• [DIRECTIONS FOR THIS TASK]:
Retype the opening lines of the data exactly, stopping after the line that contains "방탄끼리 신조어 맞추기?". Skip every picture.

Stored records
________________________

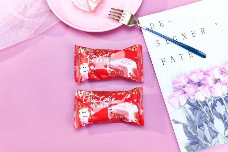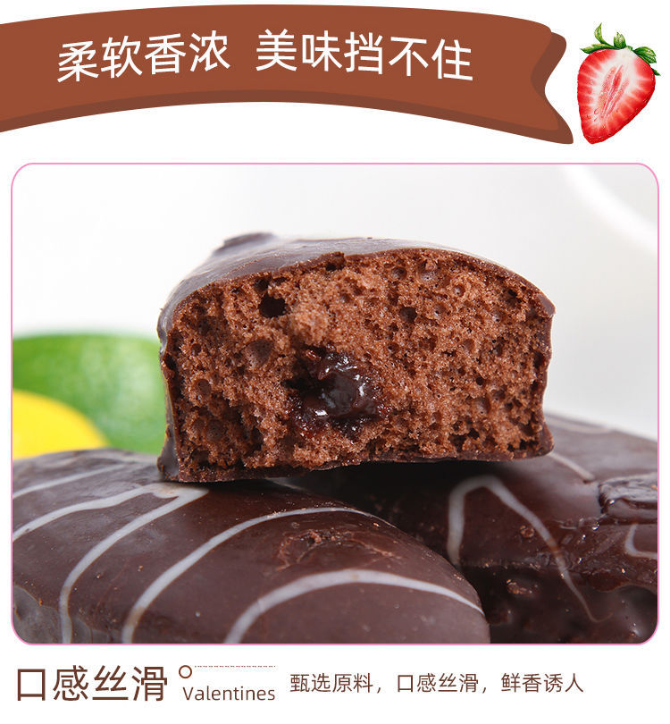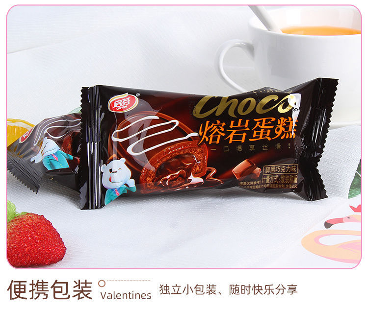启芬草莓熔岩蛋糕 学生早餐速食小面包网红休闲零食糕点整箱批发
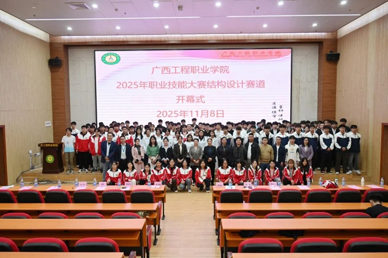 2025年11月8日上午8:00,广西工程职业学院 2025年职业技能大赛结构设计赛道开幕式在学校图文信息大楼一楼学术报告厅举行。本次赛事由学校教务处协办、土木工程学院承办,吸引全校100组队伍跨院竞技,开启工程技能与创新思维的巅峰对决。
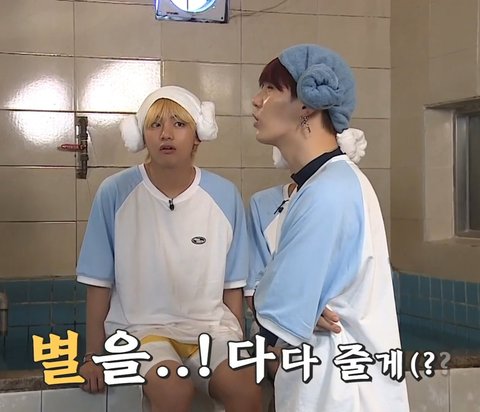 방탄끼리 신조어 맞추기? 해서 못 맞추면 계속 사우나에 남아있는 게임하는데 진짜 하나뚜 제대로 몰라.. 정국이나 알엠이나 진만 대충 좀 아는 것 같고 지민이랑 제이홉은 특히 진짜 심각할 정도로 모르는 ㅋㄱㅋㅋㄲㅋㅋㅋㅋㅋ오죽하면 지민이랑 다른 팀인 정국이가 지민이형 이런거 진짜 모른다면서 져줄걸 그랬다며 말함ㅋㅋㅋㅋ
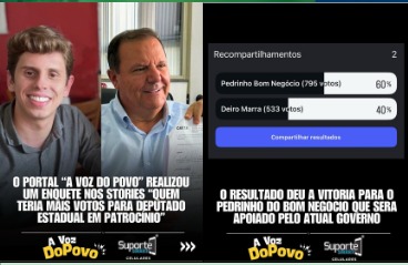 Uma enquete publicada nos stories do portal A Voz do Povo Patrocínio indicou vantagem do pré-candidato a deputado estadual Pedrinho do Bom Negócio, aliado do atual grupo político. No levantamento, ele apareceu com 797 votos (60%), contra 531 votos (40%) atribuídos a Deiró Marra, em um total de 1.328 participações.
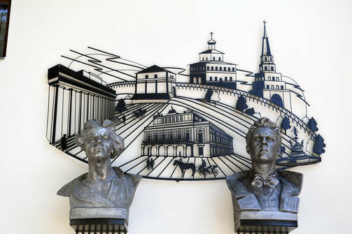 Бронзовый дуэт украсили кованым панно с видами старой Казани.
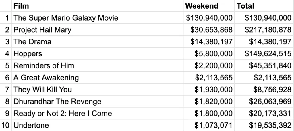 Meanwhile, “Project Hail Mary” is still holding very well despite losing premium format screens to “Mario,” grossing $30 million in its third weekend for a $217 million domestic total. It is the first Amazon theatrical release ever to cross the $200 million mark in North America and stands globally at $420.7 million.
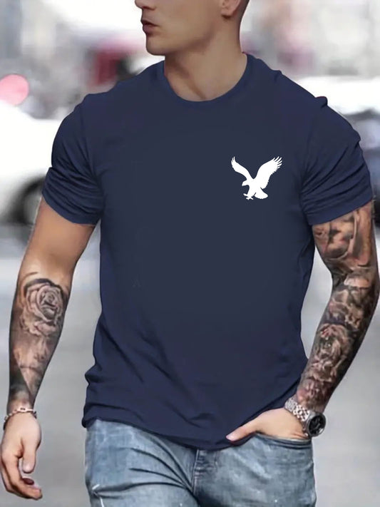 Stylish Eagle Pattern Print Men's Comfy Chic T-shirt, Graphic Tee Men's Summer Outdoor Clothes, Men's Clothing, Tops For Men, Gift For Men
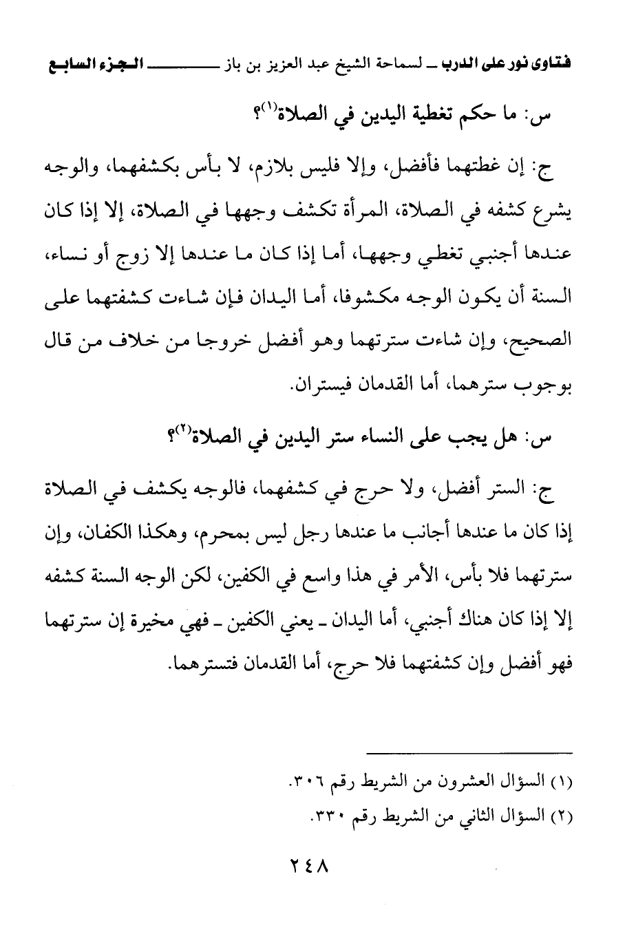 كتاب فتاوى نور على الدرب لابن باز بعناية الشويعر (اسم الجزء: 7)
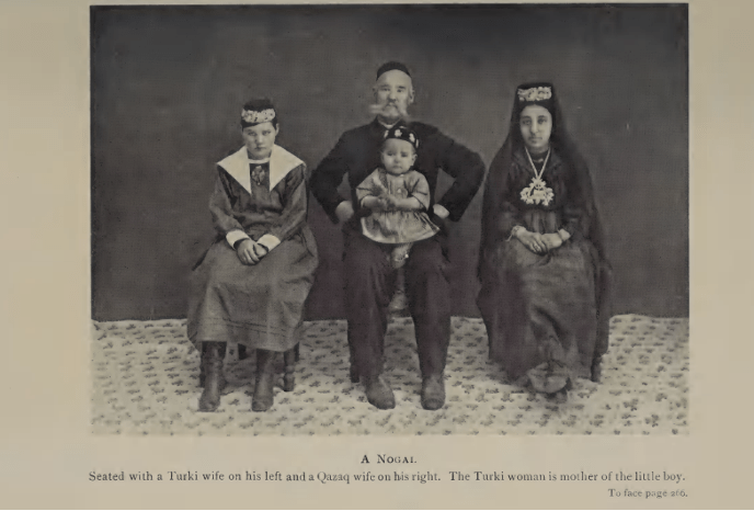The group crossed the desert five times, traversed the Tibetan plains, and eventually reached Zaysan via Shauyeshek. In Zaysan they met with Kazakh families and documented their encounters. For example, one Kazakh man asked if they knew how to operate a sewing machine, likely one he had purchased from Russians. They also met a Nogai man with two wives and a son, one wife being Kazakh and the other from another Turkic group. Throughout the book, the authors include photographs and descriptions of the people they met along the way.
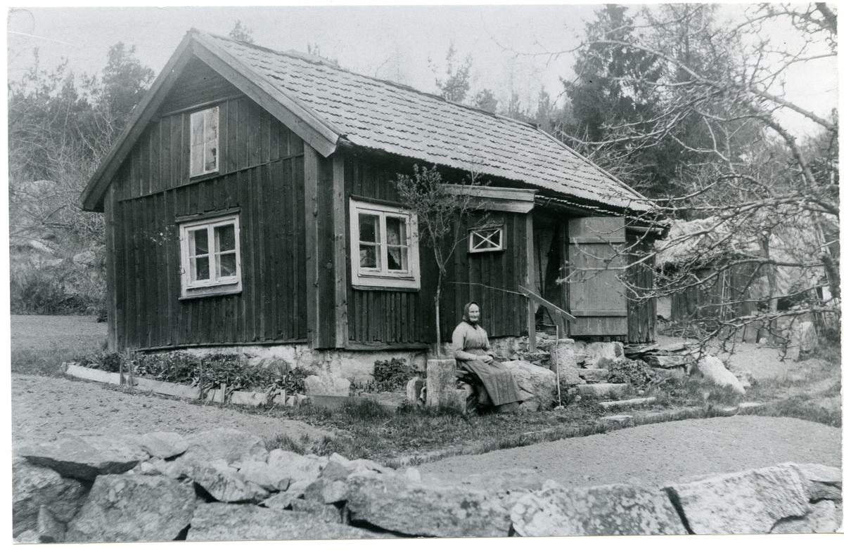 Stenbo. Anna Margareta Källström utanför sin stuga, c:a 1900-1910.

________________________

• [ANSWER TO THE PROBLEM]:
启芬草莓熔岩蛋糕 学生早餐速食小面包网红休闲零食糕点整箱批发
 2025年11月8日上午8:00,广西工程职业学院 2025年职业技能大赛结构设计赛道开幕式在学校图文信息大楼一楼学术报告厅举行。本次赛事由学校教务处协办、土木工程学院承办,吸引全校100组队伍跨院竞技,开启工程技能与创新思维的巅峰对决。
 방탄끼리 신조어 맞추기? 해서 못 맞추면 계속 사우나에 남아있는 게임하는데 진짜 하나뚜 제대로 몰라.. 정국이나 알엠이나 진만 대충 좀 아는 것 같고 지민이랑 제이홉은 특히 진짜 심각할 정도로 모르는 ㅋㄱㅋㅋㄲㅋㅋㅋㅋㅋ오죽하면 지민이랑 다른 팀인 정국이가 지민이형 이런거 진짜 모른다면서 져줄걸 그랬다며 말함ㅋㅋㅋㅋ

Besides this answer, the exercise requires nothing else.